→ **What you have to do**
Print exactly the lines that run from the opening line of the material through the line with "Melsay Butik Fırfırlı", and nothing else, leaving out pictures.

→ **Record extracts**
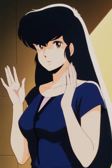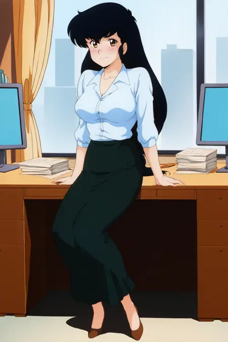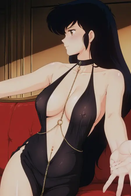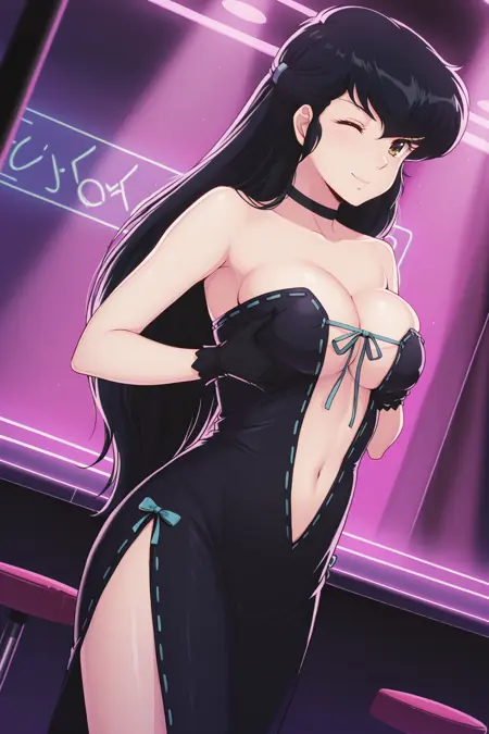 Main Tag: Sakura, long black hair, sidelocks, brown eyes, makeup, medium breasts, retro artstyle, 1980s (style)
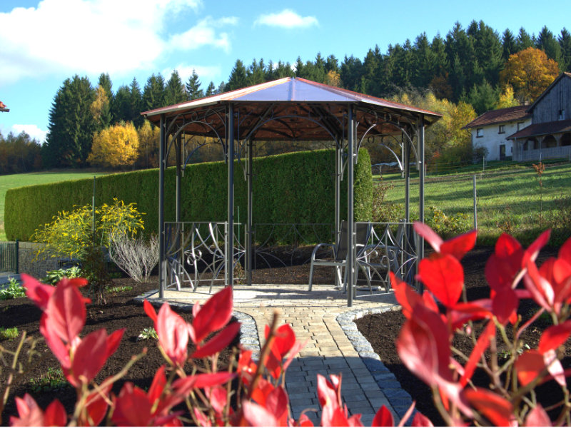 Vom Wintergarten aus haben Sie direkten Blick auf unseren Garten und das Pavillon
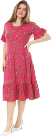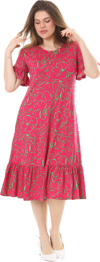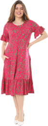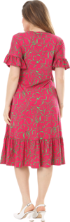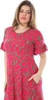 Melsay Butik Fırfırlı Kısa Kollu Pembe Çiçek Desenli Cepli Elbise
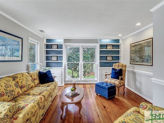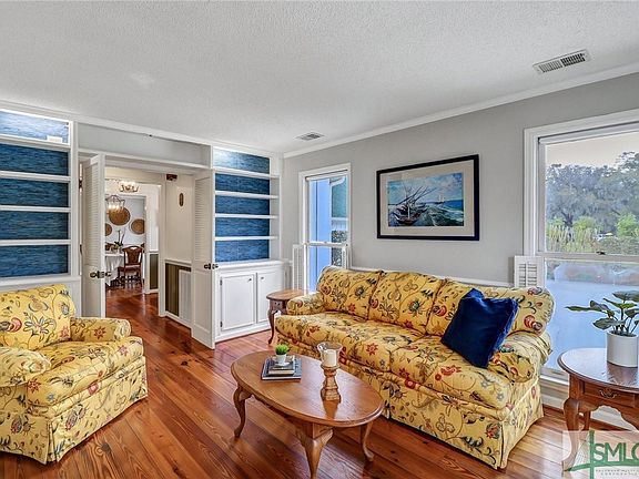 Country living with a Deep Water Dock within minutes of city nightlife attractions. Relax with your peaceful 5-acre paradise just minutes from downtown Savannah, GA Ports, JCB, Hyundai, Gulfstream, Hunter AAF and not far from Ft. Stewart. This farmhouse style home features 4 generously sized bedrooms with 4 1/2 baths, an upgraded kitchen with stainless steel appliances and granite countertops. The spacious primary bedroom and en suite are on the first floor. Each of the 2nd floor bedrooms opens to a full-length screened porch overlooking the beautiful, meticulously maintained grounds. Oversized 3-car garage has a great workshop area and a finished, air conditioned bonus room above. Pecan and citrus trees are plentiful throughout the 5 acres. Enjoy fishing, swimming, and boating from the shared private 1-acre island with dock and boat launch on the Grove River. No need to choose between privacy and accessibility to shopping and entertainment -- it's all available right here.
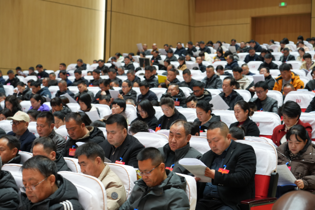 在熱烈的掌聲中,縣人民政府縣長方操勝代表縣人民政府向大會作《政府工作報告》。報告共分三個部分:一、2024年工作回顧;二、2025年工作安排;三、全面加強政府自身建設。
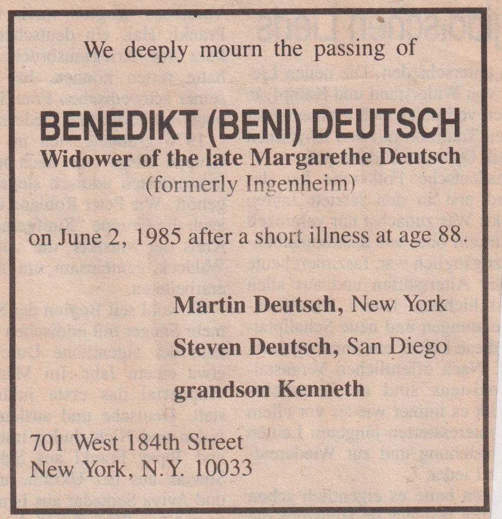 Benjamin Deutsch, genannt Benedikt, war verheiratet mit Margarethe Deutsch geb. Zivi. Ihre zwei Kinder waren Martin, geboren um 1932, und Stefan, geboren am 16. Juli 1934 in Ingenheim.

→ **Response to the task**
 Main Tag: Sakura, long black hair, sidelocks, brown eyes, makeup, medium breasts, retro artstyle, 1980s (style)
 Vom Wintergarten aus haben Sie direkten Blick auf unseren Garten und das Pavillon
 Melsay Butik Fırfırlı Kısa Kollu Pembe Çiçek Desenli Cepli Elbise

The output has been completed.